As the temperature decreases, and β increases fewer states with higher energy will be accepted. This

(14)

allows the system to escape its initial state, move around the surface, and finally settle in a minimum far from the initial state. The method is called simulated annealing [2].

When using MMC for optimization of a function, the definition of β as in Eq. 12 might not make sense depending on the quantity to be minimized. The idea of a high temperature is still valid, the system will be able to reach more unlikely states, but the quantity being minimized may not have the correct dimensions for β to have the dimension 1/energy. In this case it may be more suitable to define β as a way to regulate the acceptance ratio, not relating to temperature.

2.4.2 MMC compared to parabolic search

The parabolic search algortihm optimizes functions one variable at a time by varying one parameter and making a parabolic fit to find the minimum of the function with respect to the current variable. The method has previously been used in force field optimizations [2]. MMC, which has the ability to vary multiple variables at a time has been shown to be much more effective in optimizing ReaxFF, which is a function with many variables [2].

In addition to being slow, parabolic search is highly dependent on initial conditions since it will only go to states with a lower error (in the case of force field minimization) compared with the current state, and is thus being likely to get stuck in the closest minimum or maximum to the initial guess [2].

MMC on the other hand is a random process which may accept states with higher error, making it capable of moving around the high dimensional error surface in order to find a different minimum or maximum. This makes the MMC less dependent on the initial guess compared to the parabolic search algorithm.

2.5 Random number generation

When dealing with Monte Carlo simulations on a computer the random element will always be an issue.

Computers are inherently deterministic and there is no way to simulate actual randomness. The most common implementation of generating random numbers is called pseudo-random number generators (PRNGs), which generates a sequence of numbers based on some seed. After the sequence is generated it is not random at all but determined. However, by using a good seeding algorithm and if the PRNG has a long period of re-occurrence the sequence can be random to the intents and purposes of a MC simulation.
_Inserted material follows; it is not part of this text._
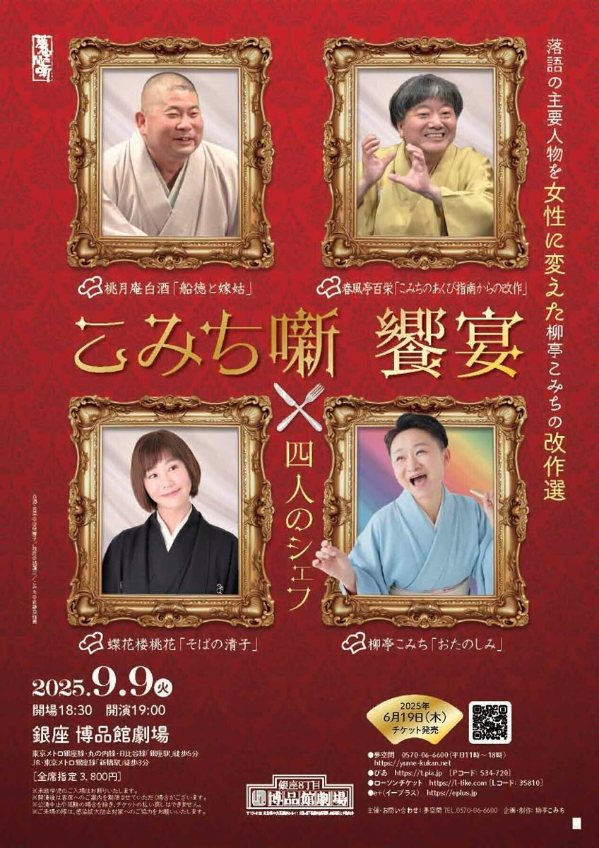 こみち噺 饗宴~四人のシェフ~ 25/9/9(火) 博品館劇場 シェア ツイート 上演情報 ジャンル 落語/演芸 公演中止や延期の場合を除き、チケットの払い戻しはできません。ご来場の際は、感染防止対策へのご協力をお願いいたします。開演後は客席へのご案内を制限させていただく場合がございます。 料金 一般-3,800円 全席指定未就学児童は入場不可 表示できるチケット情報はありません詳しくはこちら キャスト&スタッフ 出演 桃月庵白酒 春風亭百栄 蝶花楼桃花 柳亭こみち [出演]桃月庵白酒 / 春風亭百栄 / 蝶花楼桃花 / 柳亭こみち お問い合わせ 夢空間 公式サイト シェア ツイート

One such PRNG is the open source Mersenne Twister Engine which is currently the most frequently used PRNG in computer simulations, including in MS Excel, Python, R, and C++ [12]. The Mersenne Twister Engine was selected as the PRNG for all random number generations in this work due to its status as the most used PRNG and its accessibility in C++.

(15)

3. METHOD August 8, 2019

3 Method

In the method section the program, called FFMMC, that performs the force field parametrization is introduced along with its most prominent features. The parametrization procedure is explained with an emphasis on the implementation of the MMC algorithm. Finally a trial parametrization of a force field for testing the performance of the program is presented.

3.1 Training set

When parametrizing a force field, a set of reference data containing some quantities that are measurable with MD is necessary to compare the values produced by the MD simulation with the reference. The data can come from either experimental results or computational sources, such as DFT simulations.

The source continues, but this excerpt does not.